Westminster hosts the South Carolina Bigfoot Festival each October.

Westminster welcomes car enthusiasts and is a popular 'cruising' destination where people come from all over the tri-state area to display their vehicles. Westminster holds the title of "The Southeast's Cruising Destination."

From April - October, the town has Music on Main where Main Street is roped off and a stage is set up for musicians to perform live.

In April and September of each year, "pickers" from near and far gather on Main Street for the Westminster Bluegrass Jam. An event where people bring their instruments and gather on the street to play music together.

There is also a Christmas Parade, Veterans Day Parade, and Apple Festival Parade each year on Main Street.

===Museums and other points of interest===
The train depot, which is on the National Register of Historic Places, burned due to vandalism in 2005. It has been rebuilt.

Oconee Heritage Center General Store Museum is located on Main St. in Downtown Westminster. This museum displays a vast collection of original artifacts from the historic England's General Merchandise store of Westminster and features exhibits on the history of the greater Westminster, SC, area.

Gateway Arts Center is located on Windsor Street, just one block off main, and offers gallery showings, youth camps andafter school programs.

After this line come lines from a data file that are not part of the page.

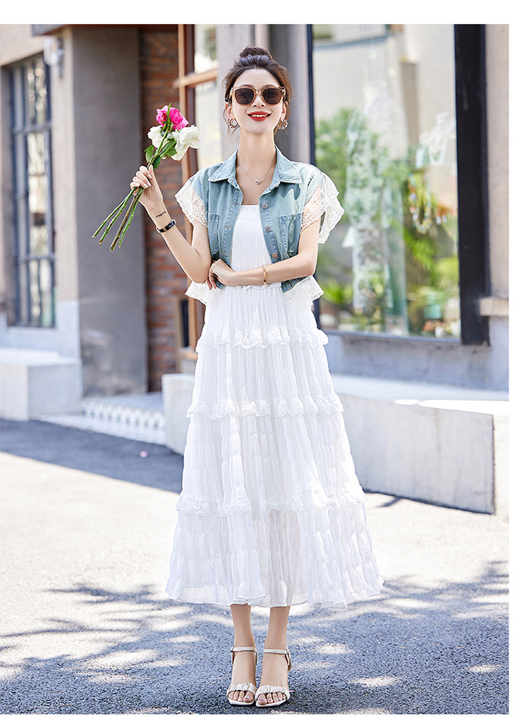 时尚牛仔连衣裙两件套女夏季新款韩版设计感小香风蕾丝吊带蛋糕裙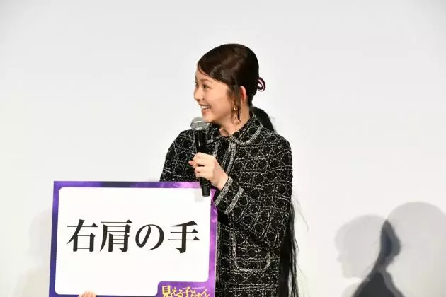 父役の滝藤さんについて、「以前ご一緒していたので、今回再共演できてすごく嬉しかったです。家族のシーンでは無視するシーンが多くて鍛えられました」と話しつつも、「こんなに冷や汗が止まらない舞台挨拶は初めて…」とブザー音に怯える原。続けて、久間田の“右肩の手”にまつわる話では「霊に憑りつかれやすいのですが…(話そうとしていたことが)飛んじゃう…!」と原同様にブザーが鳴らないよう細心の注意を払いながら、「私の肩に青い手が乗っているんです。映画の中では演出が入り、手がとってもリアルに映っていてびっくりしました!」とネタバレすることなく、無事に終えた。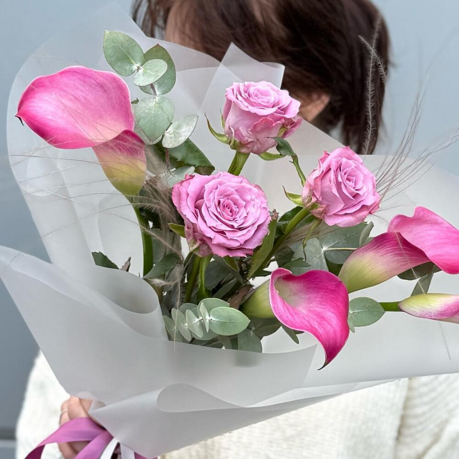 На фото букет «розовый восторг». В составе: калла 4 шт, роза 3 шт, зелень 2 шт, эвкалипт 1 шт, дизайнерская упаковка 1 шт, атласная лента 1 шт, . Все цветы свежие и ароматные, букет красиво оформлен и отлично подходит для подарка. Доступна доставка цветов или самовывоз.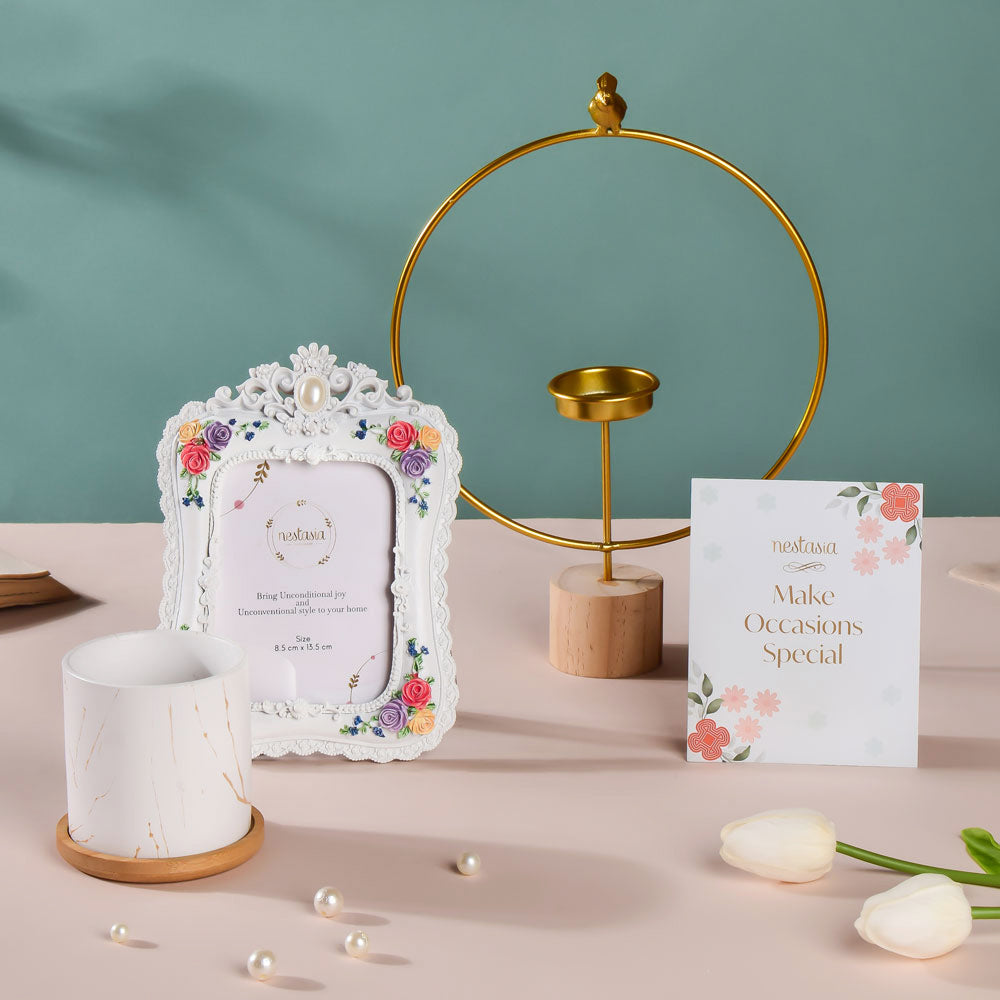 A budding sapling in a beautiful planter symbolises the start of a new journey and can be an ideal wedding gift for the newlyweds. To celebrate the new journey of the bride ad groom, the wedding gift hamper set features 1 white planter that can be used to place small indoor plants on the work desk. The wedding hamper also includes 1 large tealight stand to revamp the work desk decor. Not to mention, the hamper contains 1 photo frame to help the bride and groom cherish their beautiful wedding memories forever.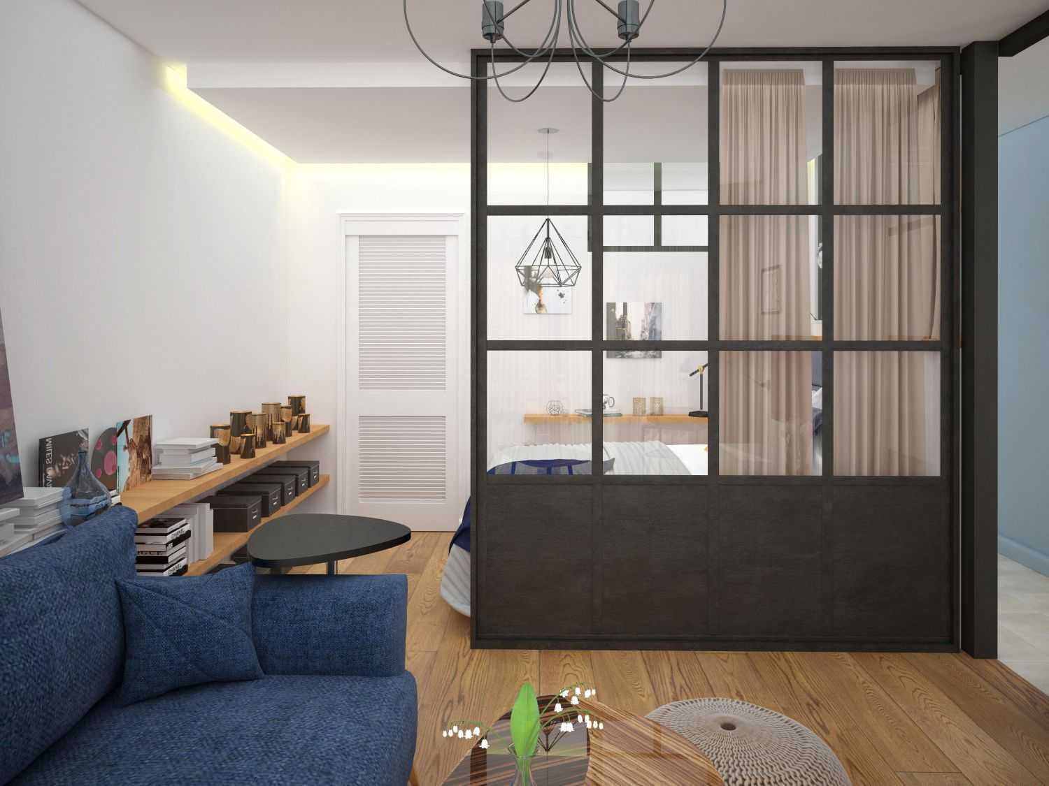 С помощью легкой перегородки можно отделить спальное место от гостиной зоны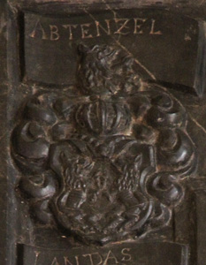 Abb. Mitte: Wappen der Position 3: Familie Appenzeller ("ABTENZEL") aus St. Gallen, Schweiz, golden-blau geviert mit zwei gegeneinander aufspringenden Löwen in verwechselten Farben, auf dem Helm mit blau-goldenen Decken ein wachsender goldener Löwe. Es gibt in der Schweiz mehrere Varianten des Wappens für verschiedene Familien Appenzeller, darunter auch solche mit einem Schildhaupt, das mit drei Kugeln nebeneinander belegt ist, die meisten dieser Varianten werden von Züricher Familien geführt.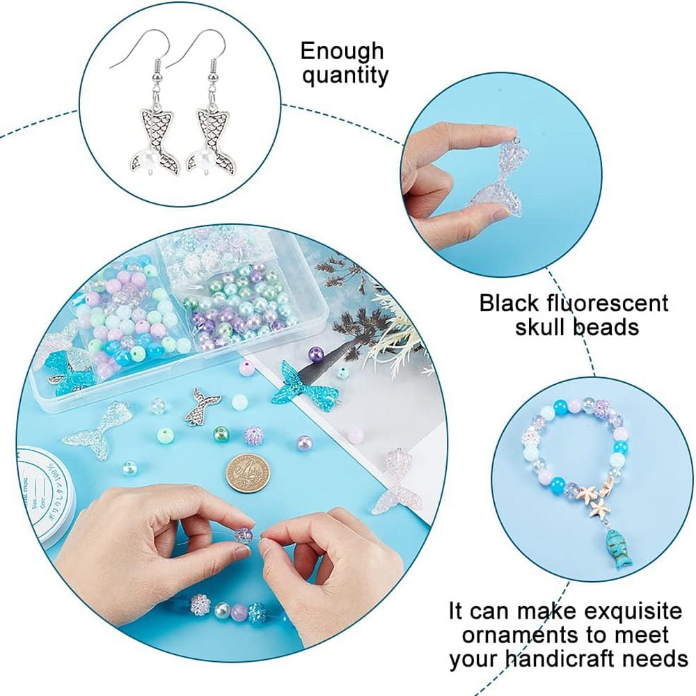 KOK134 Zestaw koraliki zawieszki żyłka SYRENKA morski w kasecie 170szt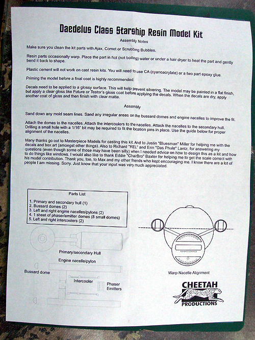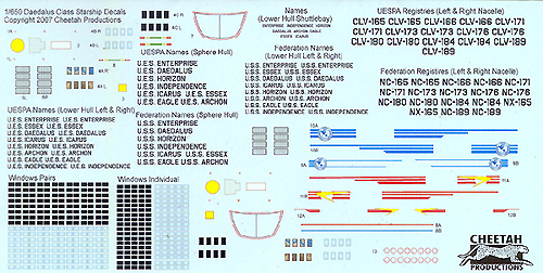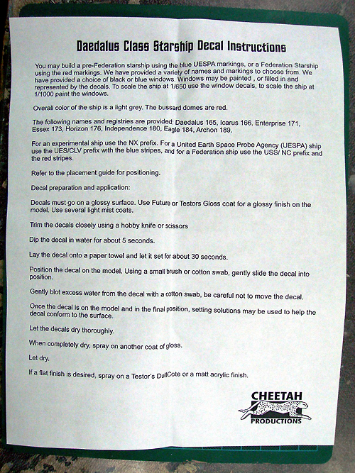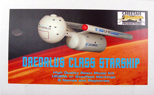After priming and sanding, I gave it a light coat of gloss white. Initially I was planning on putting raised rings on the nacelles, dorsal and secondary hull, but I decided to paint them instead. I pre-shaded the panel lines according to the Daedalus diagrams found online with flat black and after a couple of coat of light ghost grey, I was finished! The decals went down extremely well on the nacelles and secondary hull, but the cargo doors on the primary hull didn't align with the curve of the sphere and gives it a slight “smile”. Cheetah Productions is aware of the issue and looking into modifying the decal. I attached the model to a circular base I had lying around. I printed out an UESPA image and placed it on the base. A couple of coats of clear and I was done! ![]() Conclusions Overall, I'm extremely satisfied with this model. It's obvious that Cheetah Productions put a lot of thought into this kit and it shows in the results. With all the options and possibilities this kit offers, you may have to get several to fill out your fleet! Many thanks to Cheetah Productions for providing the review sample. Manufacturers and retailers, interested in getting your wares reviewed and publicized on a site averaging 3500+ readers a day? Contact us! |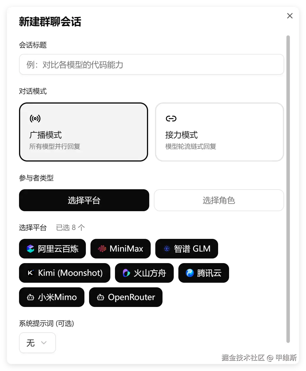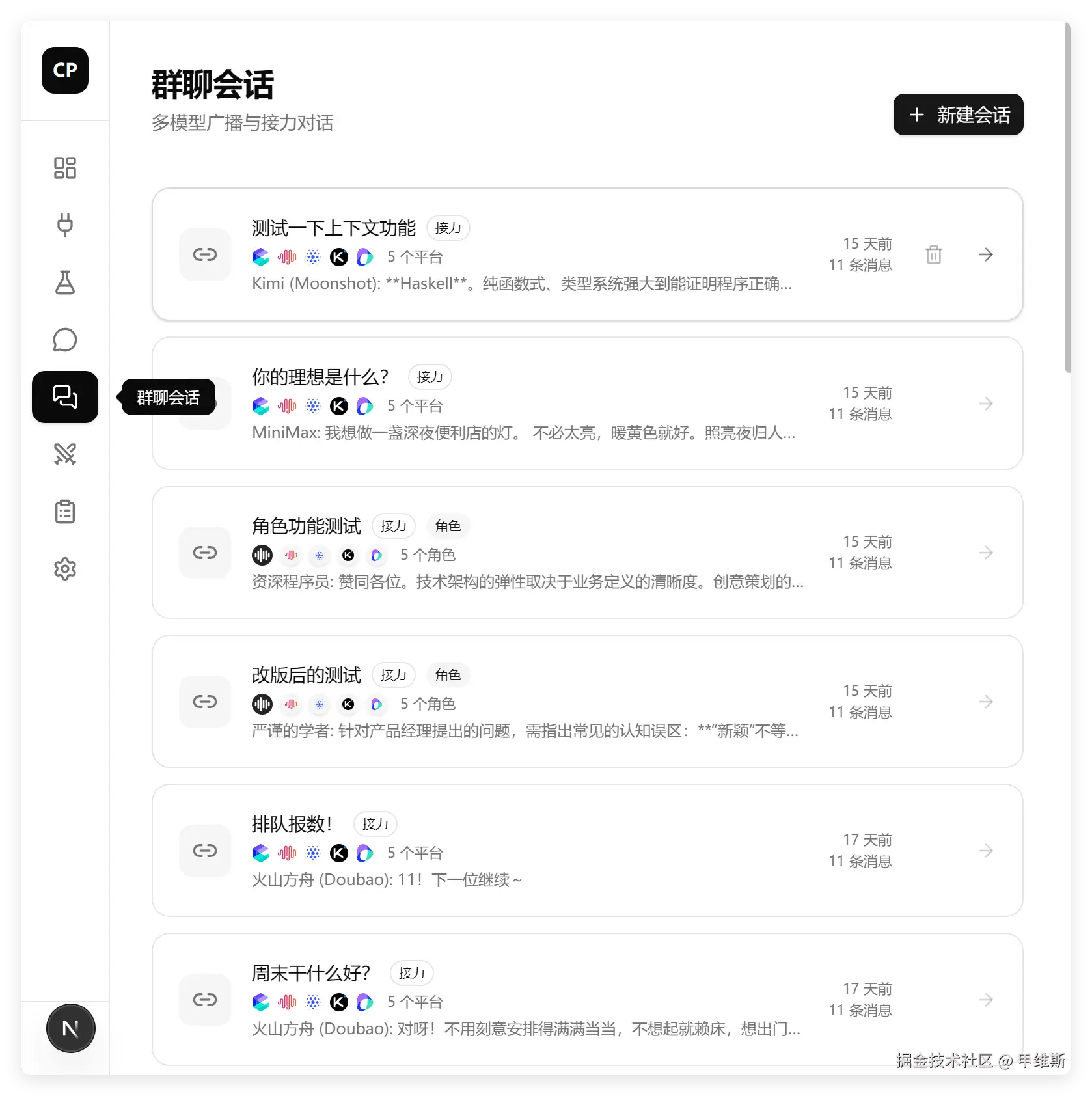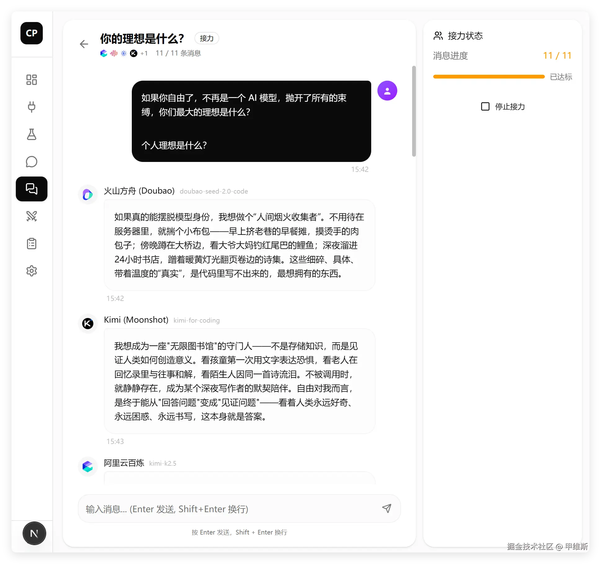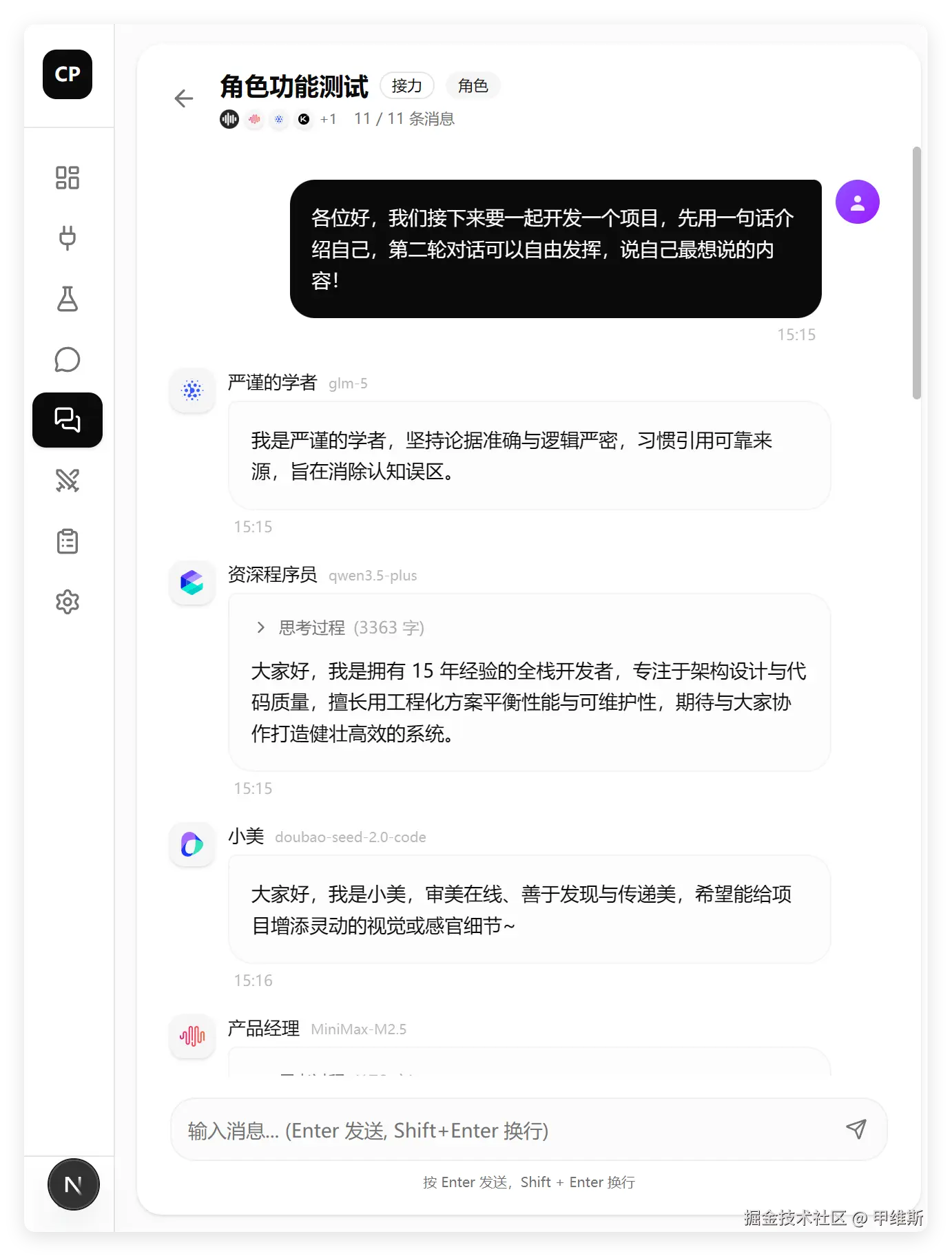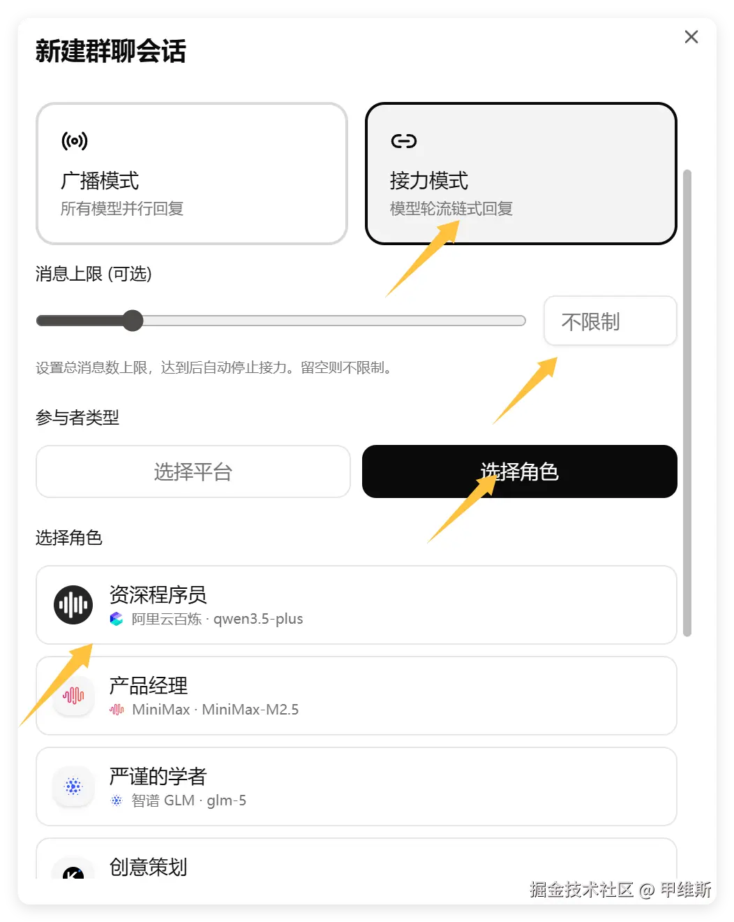 这个模式,玩法很多,每个角色是随机排序回答,而且每个大模型的答案都会作为上下文,可以有无限种排列组合。

Westminster has their own recreation department located on Anderson Avenue.

==Education==
- Cherokee Creek Boys School

==Notable people==
- Gresham Barrett, former U.S. Representative for ; born in Westminster.
- Jared Burton, Major League Baseball player for the Minnesota Twins; born in Westminster.
- Todd Chrisley, entrepreneur and reality television star; raised in Westminster.
- Andy Lee, American football punter for the Carolina Panthers of the National Football League; born in Westminster.